Does anyone have any closer acquaintance with this robot?
UA: Mozilla/5.0 (Macintosh; Intel Mac OS X 10_10_1) AppleWebKit/600.2.5 (KHTML, like Gecko) Version/8.0.2 Safari/600.2.5 (Amazonbot/0.1; +https://developer.amazon.com/support/amazonbot)
IP: various AWS (to date: 3.224, 52.70, 52.91; 54.89)
From: amazonbot@amazon.com
robots.txt: asks, may be compliant
Eagle-eyed readers will note the semicolon in the IP list.
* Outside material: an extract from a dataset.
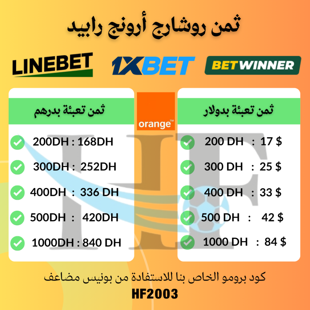 إشحن حسابك بواسطة تعبئة أورونج لشحن حسابك عن طريق تعبئة اورونج السريعة يجب الضغط على الواتساب في الأسفل لتكلم مع الوكيل لشحن حسابك بتعبئة اورونج لشحن حسابك اضغط هنا اكتشف مجموعتنا على تطبيق تلغرام من أجل الاستفادة من الرمز الترويجي الخاص بنا و أيضا الرهاناة التي نقوم بمشاركتها مع الأعضاء مجموعة تلغرام اضغط هنا × عذرا ! مواقيت عمل طاقمنا التقني يبدأ من الساعة 9 صباحا حتى 1 بعد منتصف الليل، شكرا على تفهمكم. PrécédentSuivant

That's because one of its (to date) four visits had a--ahem, cough-cough--slightly modified UA with matching From: header:
userAgent=Mozilla/5.0 (Macintosh; Intel Mac OS X 10_10_1) AppleWebKit/600.2.5 (KHTML, like Gecko) Version/8.0.2 Safari/600.2.5 (Amazonbot/0.1; +https://developer.amazon.com/support/amazonbot)
From: userAgentFrom=amazonbot@amazon.com
This in turn throws suspicion on all the others, though the URL in the UA does make it look legitimate. For a given definition of “legitimate”, given its place of origin.
It first showed its face on two long visits in April and May of this year. I
think this was during my computerless period, which explains why I didn’t notice. In consequence, it didn’t find its name in robots.txt, so I can’t say whether it would have been compliant. (By default, it is blocked on various header-and-IP grounds.)
But wait! The plot thickens. On its most recent visit, a few days ago, there are a total of six requests:
HTTP:
11:58:00 robots.txt from 3.224
11:58:00 root / (blocked) from 3.224
11:58:58 robots.txt (and nothing else) from 52.70
HTTPS:
11:58:15 robots.txt (and nothing else) from 52.70
11:58:32 robots.txt from 3.224
11:58:32 root / (blocked) from 3.224
As it happens, 52.anything sets the bad_range environmental variable, which in turn leads to a minimalist robots.txt where everything is disallowed. (This rule wasn’t in effect in April/May.) But 3.anything currently doesn't, meaning that the 3.224 robots.txt request got the version that lists disallowed visitors by name, and Amazonbot is not (yet) on that list.
Why did it visit twice, from two different IPs?
Hmmm.